Sedangkan bagi mereka yang berusia di bawah 16 tahun, masa berlaku paspor akan tetap lima tahun. “Karena fitur wajah anak-anak berubah lebih cepat, memperbarui paspor mereka setiap lima tahun akan memungkinkan foto di paspor mereka diperbarui lebih sering, yang akan meminimalkan masalah identifikasi saat melalui imigrasi,” kata badan tersebut.

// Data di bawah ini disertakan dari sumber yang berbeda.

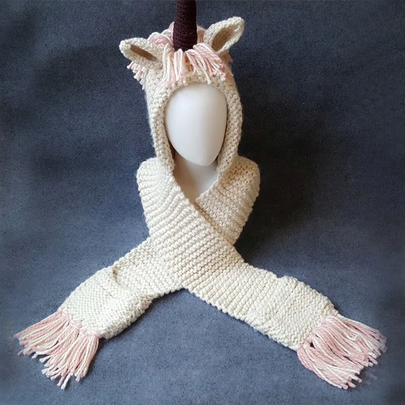 Зимний вязаный комплект из шапки и шарфа с капюшоном для девочек и мальчиков

Biaya pendaftaran paspor Singapura tidak akan berubah tetap SGD70 atau kalau dirupiahkan sekitar Rp750.000. Sedangkan untuk pendaftaran dari luar Singapura akan dikenakan biaya yang setara dengan SGD80 dalam mata uang asing.
Kebijakan masa berlaku paspor Singapura ini bukan barang baru. Pada 2005, Singapura sempat mengurangi masa berlaku dari 10 tahun menjadi 5 tahun sekaligus diperkenalkannya paspor biometrik.
Paspor biometrik atau paspor elektronik (e-Paspor) merupakan jenis paspor yang memiliki data biometrik sebagai pengamannya. Chip dipasang dalam e-Paspor untuk menyimpan data pemilik. Chip tersebut sangat penting sehingga data menjadi lebih sulit untuk dipalsukan. International Civil Aviation Organization (ICAO) menyebutkan bahwa data biometrik yang digunaan adalah biometrik wajah dan sidik jari pemilik paspor. Paspor jenis ini telah digunakan di banyak negara seperti Malaysia, Amerika Serikat, Inggris, Selandia Baru, Swedia, dan sebagainya.
“Ini memastikan bahwa paspor Singapura tetap sangat aman dan dokumen perjalanan tepercaya, yang memberi warga Singapura akses ke banyak negara tanpa perlu visa,” papar ICA.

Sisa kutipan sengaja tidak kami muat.